The tower itself has had a rough biography. Builders raised it at the end of the fourteenth century. Lightning struck in sixteen eighty, melted the lead roof and bells, and burned the structure down to half its height. Royal architect Piotr Beber then rebuilt it and added the huge western buttress to keep the weakened walls standing. Later, a violent storm in seventeen oh three shoved the foundations, leaving the tower with its famous lean of fifty-five centimeters. It is Kraków’s subtle answer to Pisa: less show-off, more survivor. If you glance at the low-angle photo in the app, the tilt shows up nicely there.

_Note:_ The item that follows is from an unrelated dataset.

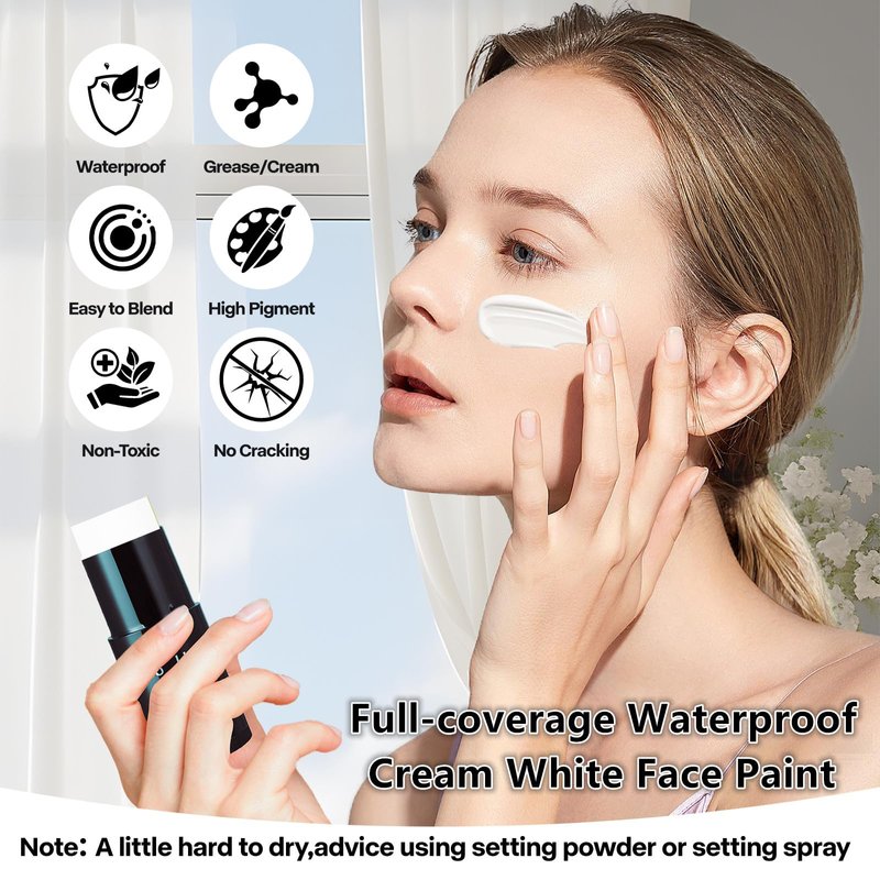 • 【Oil-based Cream White Face Body Paint】1.06 oz white face body paint stick with a matte creamy formula.Waterproof and good coverage white face paint.Go on smooth.Easy to blend.No cracks and flakes.No fading.No splotchy and patchy.No stains.Waterproof,great for white Eye Black Sports.

Now for the basement, because medieval city halls never knew when to stop. One half held the Świdnicka Cellar, a beer house so notorious for rogues and what the records delicately called “unholy wenches” that locals nicknamed it the pigsty. The other half held the prison and torture chamber. One partition separated drunken songs from screams. Those who survived interrogation met the executioner, then were taken to the Wretches’ Chapel at Saint Mary’s to make peace with God before public execution. That is Kraków in one building: merriment, authority, fear, and ritual packed together like a family argument at Thanksgiving.
Even restoration has edited this tower. In the nineteen sixties, architect and television personality Wiktor Zin reconstructed the second-floor bay windows incorrectly, permanently revising the Gothic silhouette. So this landmark does not merely preserve history; it also records the mistakes of people trying to preserve it.
It now belongs to the Historical Museum, and if you plan to go up, it is generally open Monday from eleven to four, and Tuesday through Sunday from ten to six.
When you’re ready, head toward Bracka Street, about a two-minute walk from here; we’re leaving the square for the university quarter, where memory starts taking shelter in texts and institutions. And as this tower stays behind like a witness under oath, ask yourself: is an open square a gain if the price is amnesia?